What is being asked » From the first line to the last, retype the records exactly and skip the pictures.

(Saved data entries)
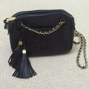 Elevate your style with the Tory Burch Black Leather Crossbody Bag. Featuring a chic design with gold accents, this bag is perfect for any occasion. The luxurious leather and iconic logo add a touch of elegance to your ensemble.
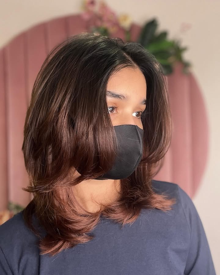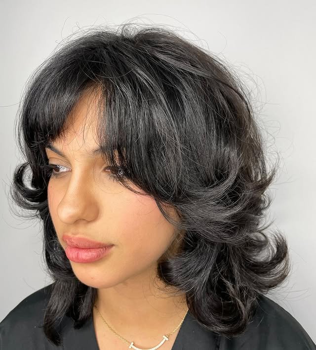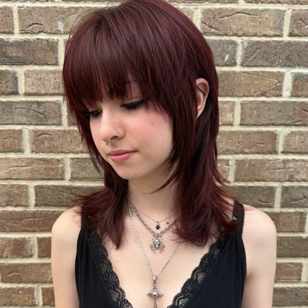 Rich auburn tones give warmth to this layered wolf hairstyle, and the subtle curtain bangs enhance the natural framing around the face. It’s sophisticated with a touch of wild.
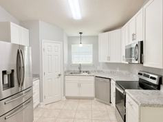 The newly renovated kitchen is both stylish and functional, showcasing white cabinetry, a deep single-basin sink, and stainless steel appliances including a French door refrigerator with bottom freezer drawer, flat-top range/oven, built-in microwave, and dishwasher.
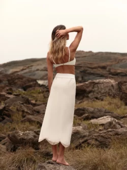 Saia longa com acabadamento em formato de ondas
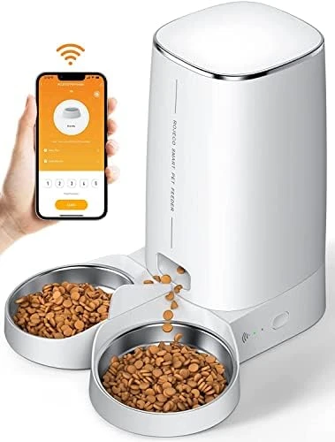 - 😸【Keep Your Pet Healthy】The parts and stainless-steel feeding bowl of this cat feeder automatic are detachable for thorough cleaning. Built-in desiccant bag with a sealing cover keep food fresh. All we want is to provide your pet a cleaner and healthier living! ROJECO cares and loves your puppy.
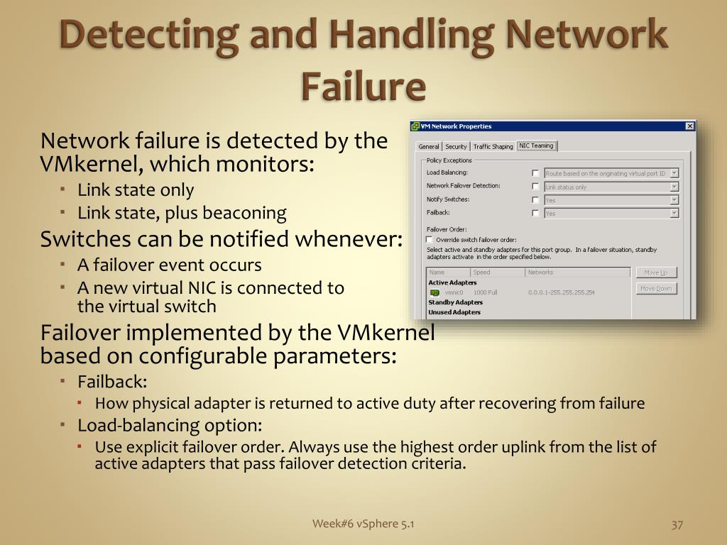 Detecting and Handling Network Failure Network failure is detected by the VMkernel, which monitors: • Link state only • Link state, plus beaconing Switches can be notified whenever: • A failover event occurs • A new virtual NIC is connected to the virtual switch Failover implemented by the VMkernel based on configurable parameters: • Failback: • How physical adapter is returned to active duty after recovering from failure • Load-balancing option: • Use explicit failover order. Always use the highest order uplink from the list of active adapters that pass failover detection criteria. Week#6 vSphere 5.1
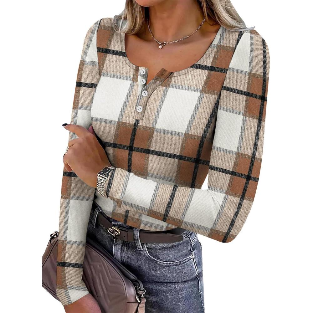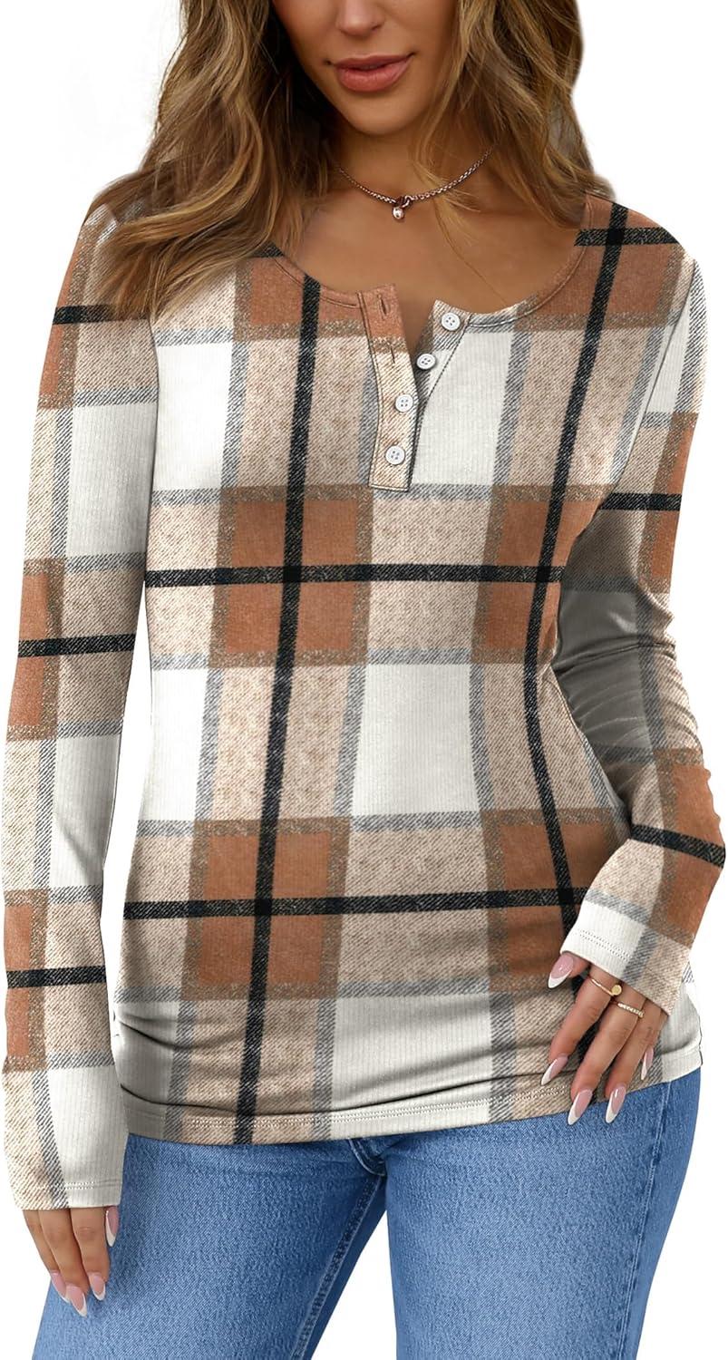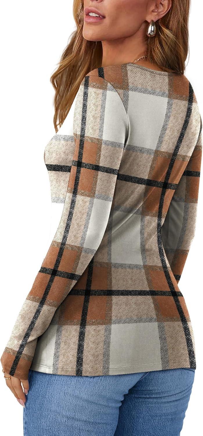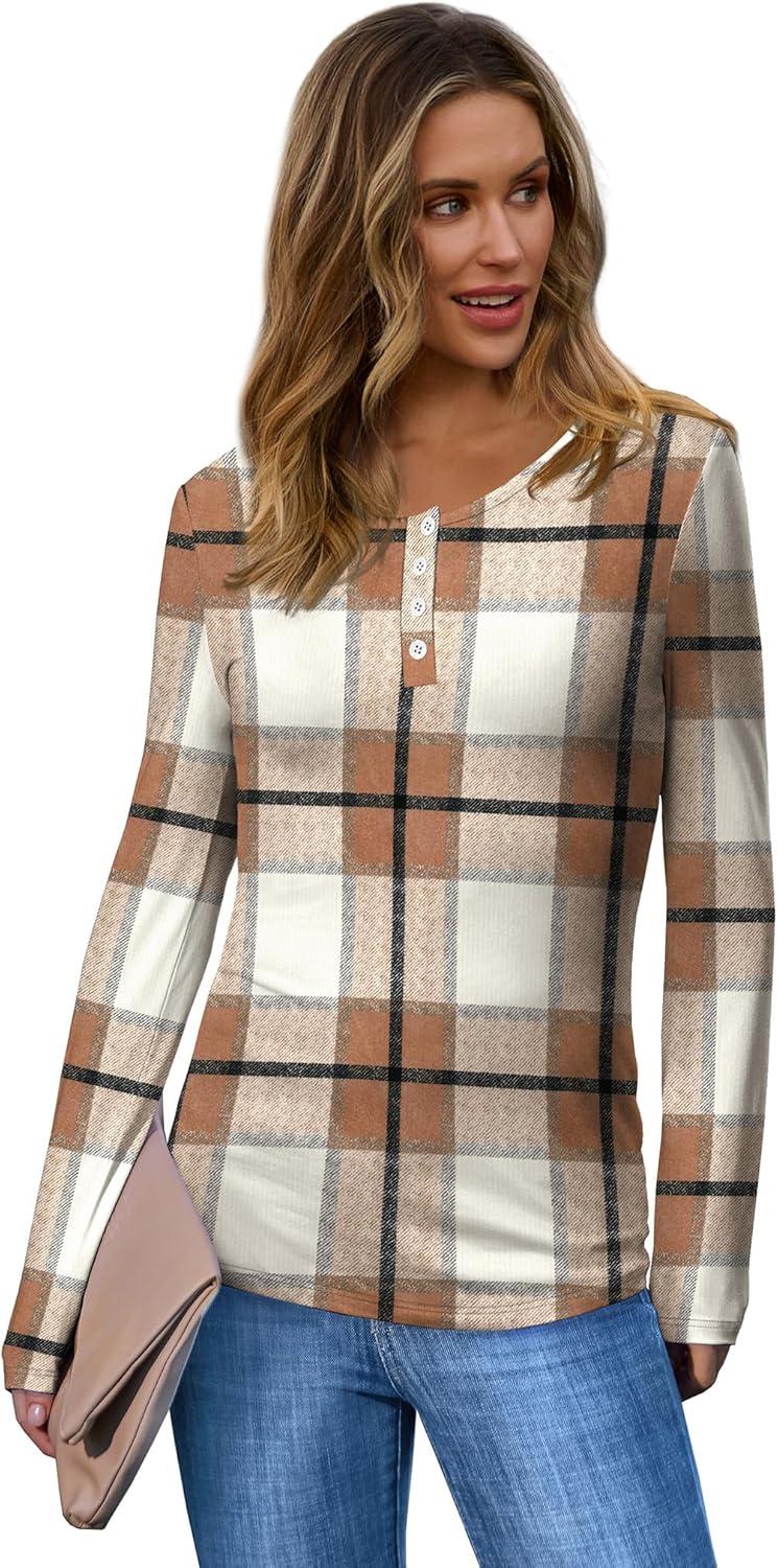 SAMPEEL Womens Long Sleeve Henley Shirts Slim Fit Tops 2025 Casual Fashion Outfits Basic Trendy T-Shirts Soft Clothing(Pattern-plaid)

Solution to this exercise »
 Elevate your style with the Tory Burch Black Leather Crossbody Bag. Featuring a chic design with gold accents, this bag is perfect for any occasion. The luxurious leather and iconic logo add a touch of elegance to your ensemble.
 Rich auburn tones give warmth to this layered wolf hairstyle, and the subtle curtain bangs enhance the natural framing around the face. It’s sophisticated with a touch of wild.
 The newly renovated kitchen is both stylish and functional, showcasing white cabinetry, a deep single-basin sink, and stainless steel appliances including a French door refrigerator with bottom freezer drawer, flat-top range/oven, built-in microwave, and dishwasher.
 Saia longa com acabadamento em formato de ondas
 - 😸【Keep Your Pet Healthy】The parts and stainless-steel feeding bowl of this cat feeder automatic are detachable for thorough cleaning. Built-in desiccant bag with a sealing cover keep food fresh. All we want is to provide your pet a cleaner and healthier living! ROJECO cares and loves your puppy.
 Detecting and Handling Network Failure Network failure is detected by the VMkernel, which monitors: • Link state only • Link state, plus beaconing Switches can be notified whenever: • A failover event occurs • A new virtual NIC is connected to the virtual switch Failover implemented by the VMkernel based on configurable parameters: • Failback: • How physical adapter is returned to active duty after recovering from failure • Load-balancing option: • Use explicit failover order. Always use the highest order uplink from the list of active adapters that pass failover detection criteria. Week#6 vSphere 5.1
 SAMPEEL Womens Long Sleeve Henley Shirts Slim Fit Tops 2025 Casual Fashion Outfits Basic Trendy T-Shirts Soft Clothing(Pattern-plaid)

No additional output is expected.